Kroger advertising wallas, in keeping with other advertisement trends just lately, came out with a new slogan and new logo back in 2019, with their campaign Fresh for Everyone, and the introduction of their newest mascots: creepy, oddly androgynous people they affectionately call Krojis. Another attempt at life imitating art. I was trying to figure out the last time I saw this. I couldnt quite put my finger on it. Oh yeah. Thats right. I was four, and it was Fisher Price Little People. Toy figurines that I had by the carload..literally. Small, thumbsized humanoid toy representations of people that invariably rolled under the refrigerator much to my moms endless irritation. Well, I reasoned then, as I do now, youre the one who bought me this entire race of peg-people. Can I help it if their lack of arms lends them to rolling . But thats just it: I was four and this was what there was to do back then. It was before video games really dropped into high gear and toys were still evolving out of the primordial swamp that produced other time-honored classics such as the pull along telephone with eyes.
Its hard to blame Kroger alone for this disgusting trend in advertising and marketing toward dumbing down their target customers with goofy looking cartoonish caricatures of people. My 401(k) provider, my health insurance com and even my credit union have all sadly decided upon this approach to advertising. So have PayPal, Google and a hundred other industry giants. It is slowly becoming one my biggest pet peeves and its time it stopped. It has everything to do with how these advertising geniuses seem to see their customer base: as four-year-old children who are easily amused by cartoons and puerile jingles and catch phrases. Its as if grown ups still chase the ice cream truck down the street, attracted no doubt by the cute songs played by the trucks PA system, even though there is perfectly good Dryers Grand ice cream in the freezer. Stop treating your customers like children and stop with the creepy cartoon peg people. STOP STOP STOP! Just. Stop. It.
A contributing factor to the whole corporate artstyle (it has another name but I can't remember it) is that it isn't "offensive". Its also easy to produce as anyone with basic art skill can create it so it's cheap as well.
1. It's quite interesting that you mention "Fresh for Everyone".
At Kroger, everything is "Fresh". "Fresh" (specifically not cold) go-backs, the "Fresh" app, everything. Everything gets fresher every memo, every commercial, every printed advertisement, every automated intercom announcement, regardless of reality. Except for bananas.

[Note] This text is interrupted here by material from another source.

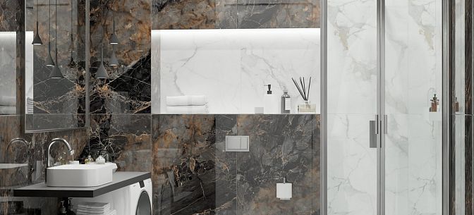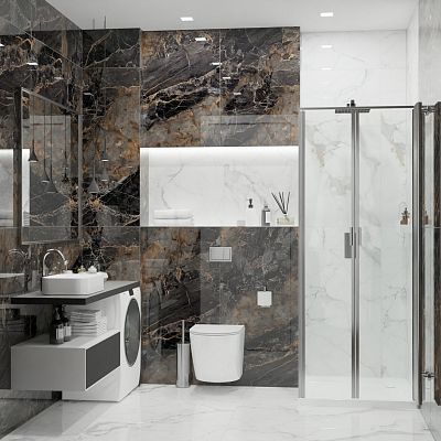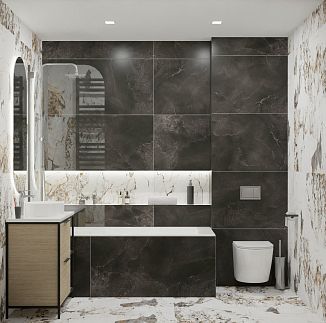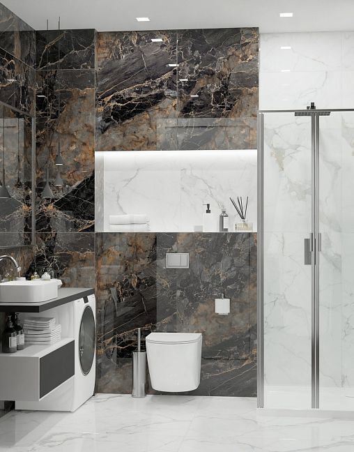 Коллекция керамогранита Calacatta Imperial – это сочетание изысканности и динамики, классики и современности. Плиты имитируют одну из разновидностей белого мрамора с характерным, узнаваемым рисунком. На белом с кремовым оттенком фоне протянулись серые и золотистые прожилки разной толщины. Несомненное преимущество керамогранита Calacatta Imperial – теплая цветовая гамма, которая значительно смягчает белый мрамор, избавляя его от холодной, стерильной чистоты. Темное золото прожилок добавляет рисунку живости, поэтому Calacatta Imperial дает возможность уделить больше внимания декору интерьера и вписать в него другие материалы, например, древесину в теплых, коричневых тонах и текстиль в близких оттенках. Спокойное очарование мрамора выглядит уместно везде, будь то небольшая ванная комната или театральный холл. Светлый фон помогает визуально расширить пространство и сделать его более освещенным.

I suspect it's a hamfisted attempt at neurolingist programming. The idea is that if you just say "fresh fresh fresh" over and over, the customers will come to believe it. Working for the general public so long, I think it's at least plausible. And more importantly, cheap.
2. Working retail, the customers might as well be children as they act as such. Why not pander to them? And most importantly, it's cheap.
3. The Krojis are actually animated clip-art, which is to say as cheap and inoffensive as possible. They always reminded me more as more of a bad claymation sort of thing. Like "Davey and Goliath", or the Christmas specials, or perhaps "Moral Orel" for the Adult Swim fans.